Abstracts

Rationale: Spreading depolarization (SD) is a slowly moving massive cellular depolarization of neurons and glia. SD contributes to migraine with aura and is also associated with deterioration neurological deterioration following head injuries. We have recently shown that SD is spontaneously generated in the epileptic mouse cortex in an underlying molecular deficit-dependent manner. Scn1a/Nav1.1 encodes a pore-forming subunit of voltage-gated Na⁺ channels expressed in both excitatory and inhibitory neurons in the cerebral cortex. Mutations in Scn1a mutations result in deleterious infant onset epilepsy with various comorbidities (Dravet syndrome) and hemiplegic migraine type-3 depending on the mutation types. Currently, cortical SD susceptibility and its potential role in the epilepsy phenotype in Scn1a deficiency are not well understood.

Methods: We analyzed spontaneous SD susceptibility by monitoring awake young adult heterozygous mutant mice (Scn1a^R1407X/+, hereafter Scn1a-MT) and their wild-type littermates (Scn1a-WT) using chronic DC recordings. We also analyzed whether the induction of a febrile seizure can modulate the frequency of occurrence of spontaneous seizures and SD. SD thresholds were determined using in vitro cortical slices prepared from Scn1a-MT and WT littermates.

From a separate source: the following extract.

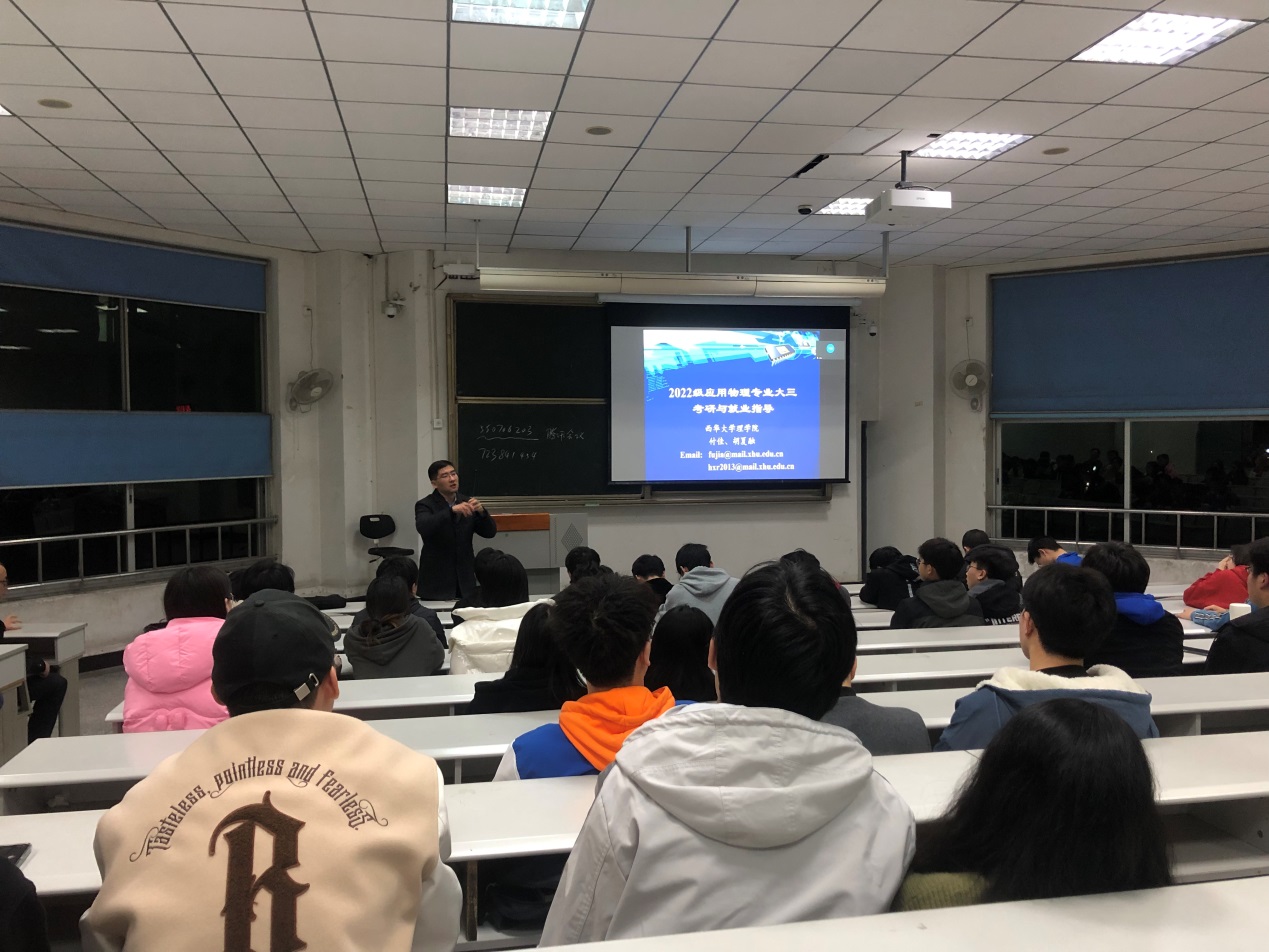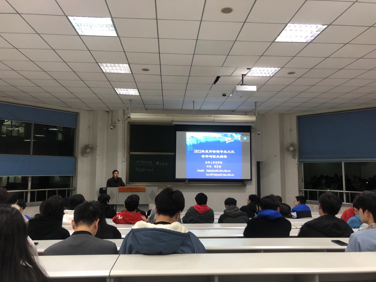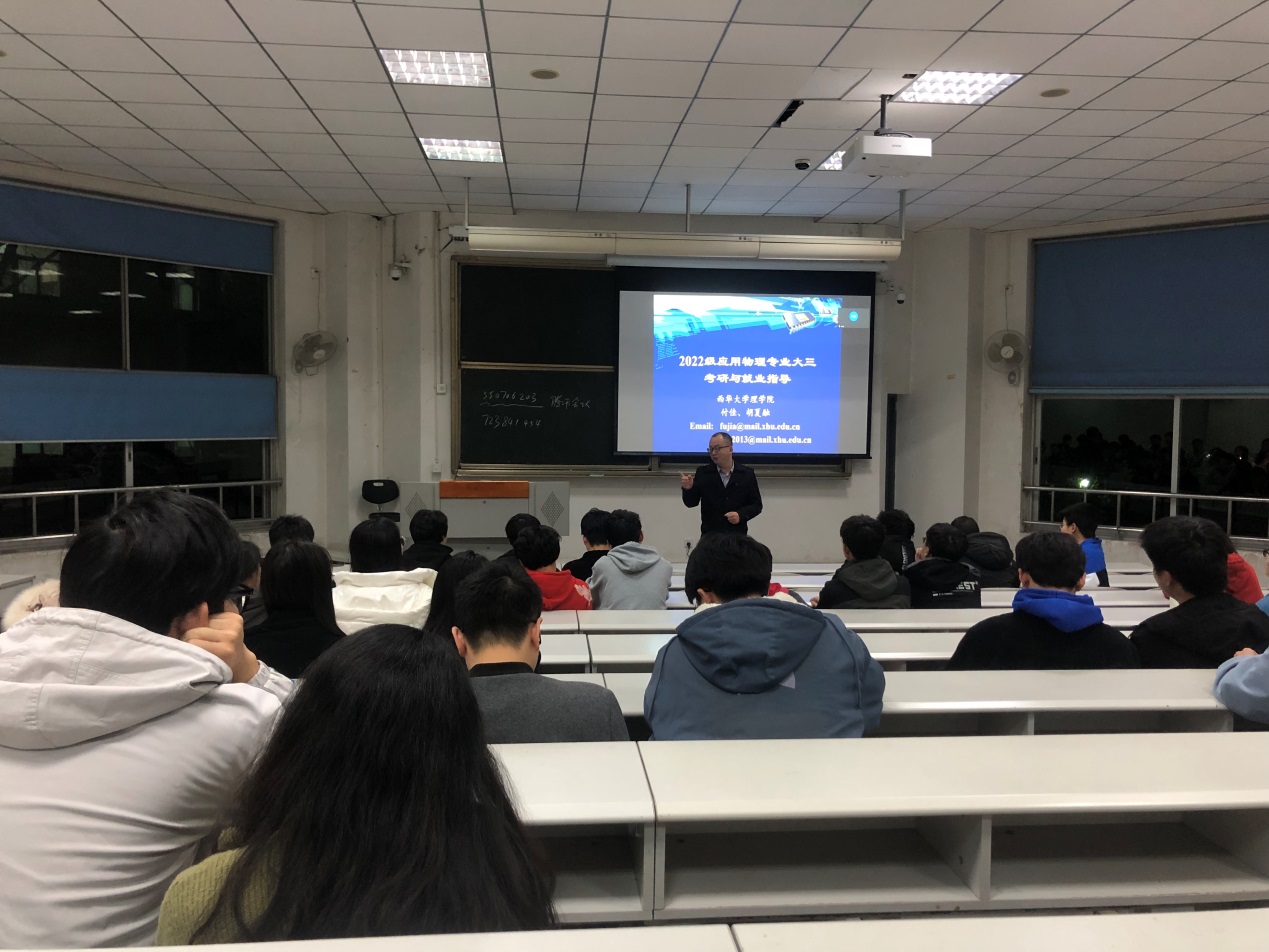 会上,付佳老师和胡夏融老师先后分享了物理专业近年来的考研和就业数据,并介绍了物理学科的师资以及研究方向等情况;随后,三位优秀校友围绕就业依次分享了他们的经验,并用自己的亲身经历告诉同学们,在求职过程中如何发掘自己的优势,如何准确定位自己的求职方向,以及如何提升自己的实力和能力,并鼓励同学们不要轻言放弃,坚持到底,相信自己能够拿到中意的offer。接着在互动交流环节,专业教师对在场同学关于考研的疑惑一一进行了解答。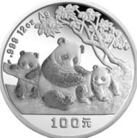 中国现代金银币“熊猫”系列,4枚大规格“熊猫”币,仅存的12盎司银币,在1997年,又在做最后的告别演出。这之后,中国现代金银币“熊猫”系列的舞台上,再看不到大规格币,或金或银,威严如将军的风采。 |

Results: Chronic DC recording detected spontaneous seizures, SDs, and seizure/SD clusters in Scn1a MT in mice with large variability between animals. In some Scn1a MT mice, spontaneous cortical SD was the sole pathological manifestation. Most febrile seizures were associated with short latency postictal SD events in Scn1a MT, but not in WT control animals. The presence of postictal SD was associated with increases in both seizure and SD frequencies. On the other hand, mutant without SD following an induced febrile seizure showed less pronounced effects. In vitro SD threshold tests revealed no overt difference between Scn1aWT and MT cortical slices, suggesting that the appearance of spontaneous SD is not due to the lowered intrinsic SD thresholds.

Conclusions: These results indicate that SD is a significant epileptic phenotype of the Scn1a deficiency mouse model. SD has a context-dependent modulatory effect on epilepsy; spontaneous SDs are relatively benign while the appearance of SD following a febrile seizure is associated with exacerbation of cortical hyperexcitation.

Funding: Please list any funding that was received in support of this abstract.: American Heart Association career development grant 19CDA34660056 (I.A.), Curtis Hankamer Basic Research Fund at Baylor College of Medicine (IA), NIH Center for SUDEP Research (NS090340 and NS29709, J.L.N), and Blue Bird Circle Foundation (J.L.N.).